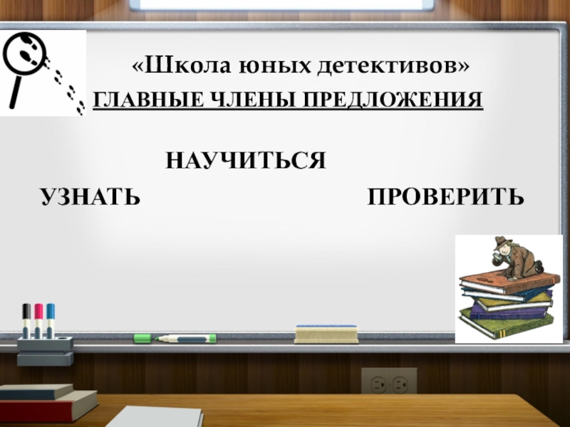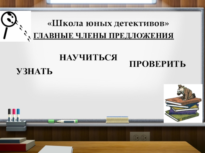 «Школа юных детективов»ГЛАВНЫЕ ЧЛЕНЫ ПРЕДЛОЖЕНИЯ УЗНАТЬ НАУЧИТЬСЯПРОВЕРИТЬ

* * *

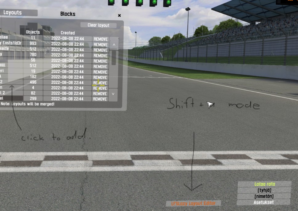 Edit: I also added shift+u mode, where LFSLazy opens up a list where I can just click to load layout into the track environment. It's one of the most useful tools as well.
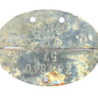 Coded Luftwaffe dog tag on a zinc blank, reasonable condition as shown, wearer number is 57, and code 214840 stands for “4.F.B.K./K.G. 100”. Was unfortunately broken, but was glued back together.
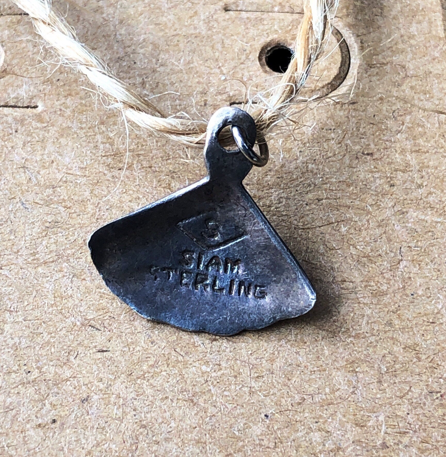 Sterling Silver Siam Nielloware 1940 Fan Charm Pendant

### What this task involves
Give again the lines of the listing above that run from the one with "Coded Luftwaffe dog" up to and including the one with "Sterling Silver Siam". Keep them exact and omit the pictures.

### Response area
 Coded Luftwaffe dog tag on a zinc blank, reasonable condition as shown, wearer number is 57, and code 214840 stands for “4.F.B.K./K.G. 100”. Was unfortunately broken, but was glued back together.
 Sterling Silver Siam Nielloware 1940 Fan Charm Pendant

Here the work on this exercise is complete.